• **Exercise description**
Take the entries below and reproduce exactly the portion that begins at the line containing "- Mesa plegable" and ends at the line containing "Oro Pants Stripe", keeping both ends, dropping pictures, and adding nothing else.

• **Data in this exercise**

"""

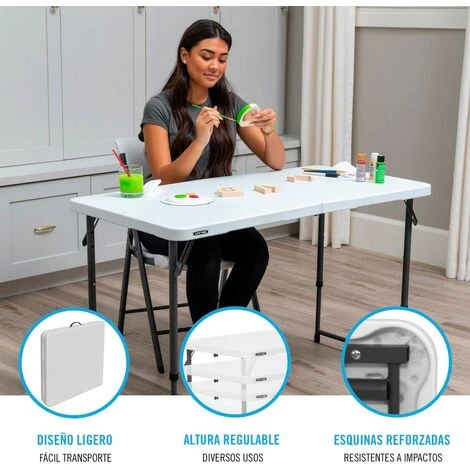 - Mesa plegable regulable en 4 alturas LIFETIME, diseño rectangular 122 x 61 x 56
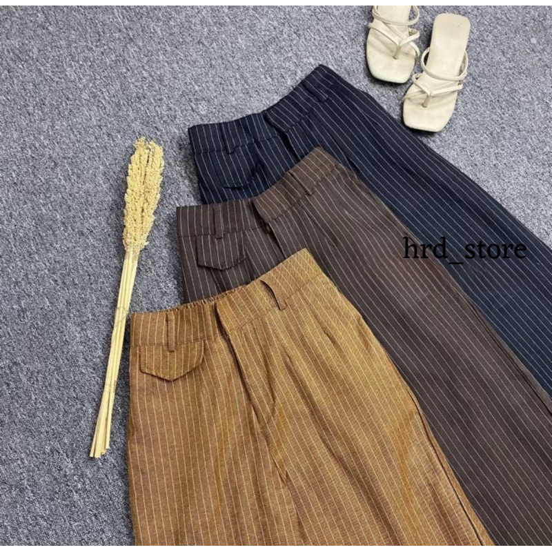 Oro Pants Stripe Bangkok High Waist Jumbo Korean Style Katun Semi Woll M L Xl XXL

"""
"""

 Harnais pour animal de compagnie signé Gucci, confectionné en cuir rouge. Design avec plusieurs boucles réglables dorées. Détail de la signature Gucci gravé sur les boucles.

"""

• **Answer below**
 - Mesa plegable regulable en 4 alturas LIFETIME, diseño rectangular 122 x 61 x 56
 Oro Pants Stripe Bangkok High Waist Jumbo Korean Style Katun Semi Woll M L Xl XXL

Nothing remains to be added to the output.